Old Labor and New Immigrants in American Political Development

Old Labor and New Immigrants in American Political Development
Author :
Publisher : Cornell University Press
Total Pages : 312
Release :
ISBN-10 : 9781501742699
ISBN-13 : 1501742698
Rating : 4/5 (698 Downloads)

Book Synopsis Old Labor and New Immigrants in American Political Development by : Gwendolyn Mink

Download or read book Old Labor and New Immigrants in American Political Development written by Gwendolyn Mink and published by Cornell University Press. This book was released on 2019-06-30 with total page 312 pages. Available in PDF, EPUB and Kindle. Book excerpt: Why have American politics developed differently from politics in Europe? Generations of scholars and commentators have wondered why organized labor in the United States did not acquire a broad-based constituency or form an autonomous labor party.
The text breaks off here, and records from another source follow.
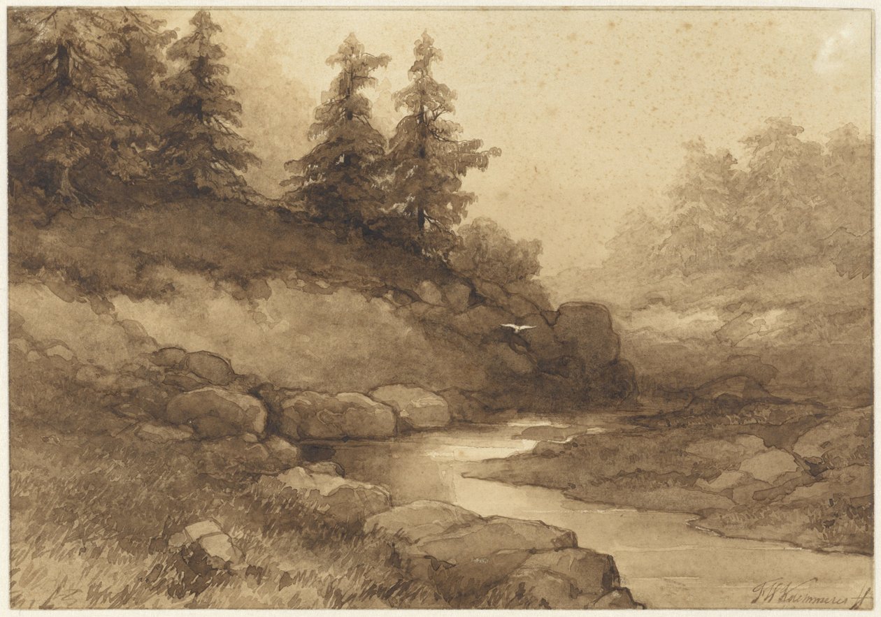 Paesaggio collinare con un fiume(Heuvelachtig landschap met een rivier)Frederik Hendrik Kaemmerer(draughtsman) |
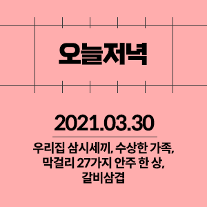 2021년 3월 30일 오늘저녁 우리집 삼시세끼,수상한 가족, 막걸리 27가지 안주 한 상, 갈비 삼겹 (전북 전주)
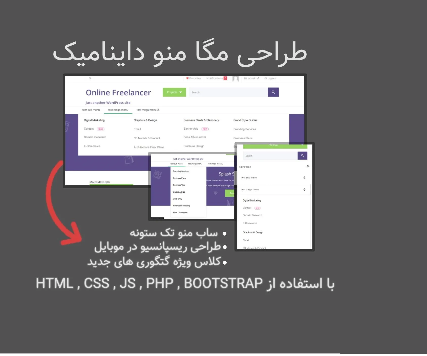 ساخت مگا منو با استفاده از کد های php جایگذاری و نمایش بهینه با css , html استفاده از بوت استرپ برای ریپانسیو کردن
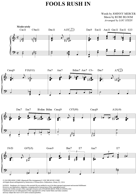 Digital Sheet Music for Fools Rush In by Johnny Mercer, Lou Stein, Rube Bloom scored for Piano Solo; id:274752
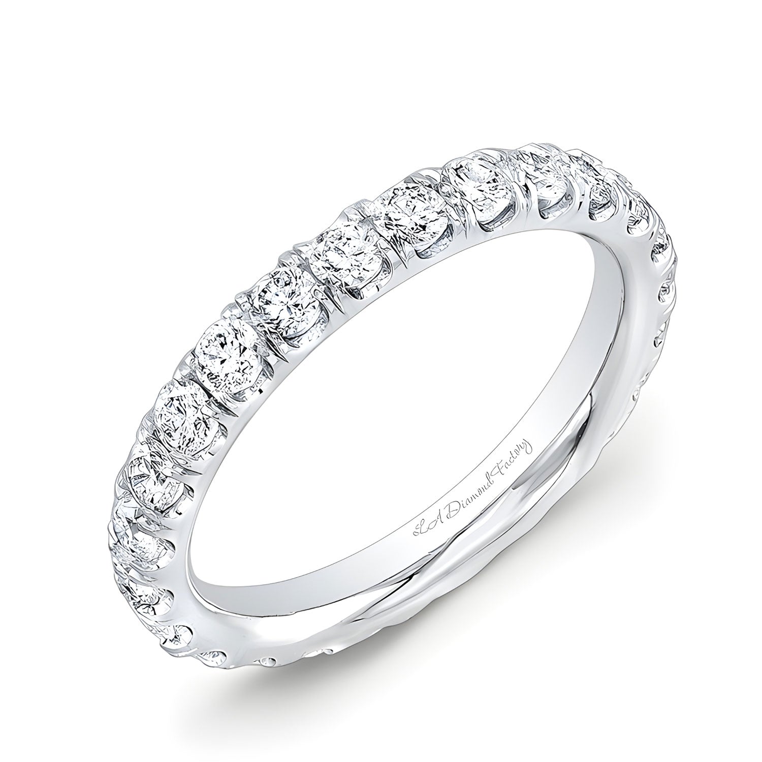 Scalloped pave diamond wedding band with diamonds either 1/2 or 3/4 of the way around. Each diamond is handset in Los Angeles. Approximately 2.3mm in width.
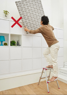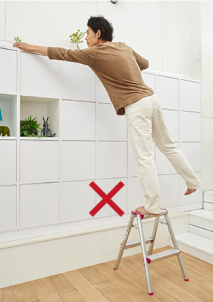 - 在三脚梯上进行作业时,请站在从天板开始数第四节(180cm以下的型号则为第三节)以下的踏板上,身体轻靠天板和上层踏板,在平稳的状态下操作。

In this innovative and insightful book, Gwendolyn Mink finds new answers by approaching this question from a different angle: she asks what determined union labor's political interests and how those interests influenced the political role forged by the American Federation of Labor. At bottom, Mink argues, the demographic dynamics of industrialization produced a profound racial response to economic change among organized labor. This response shaped the AFL's political strategy and political choices. In her account of the unique role played by labor in politics prior to the New Deal, Mink focuses on the ways in which the organizational and political interests of the AFL were mediated by the national issue of immigration and links the AFL's response to immigration to its conservative stance in and toward politics. She investigates the political impact of a labor market split between union and nonunion, old and new immigrant workers; of dramatic demographic change; and of nativism and racism. Mink then elucidates the development of trade-union political interests, ideology, and strategy; the movement of the AFL into established state and party structures; and the consequent separation of the AFL from labor's social base.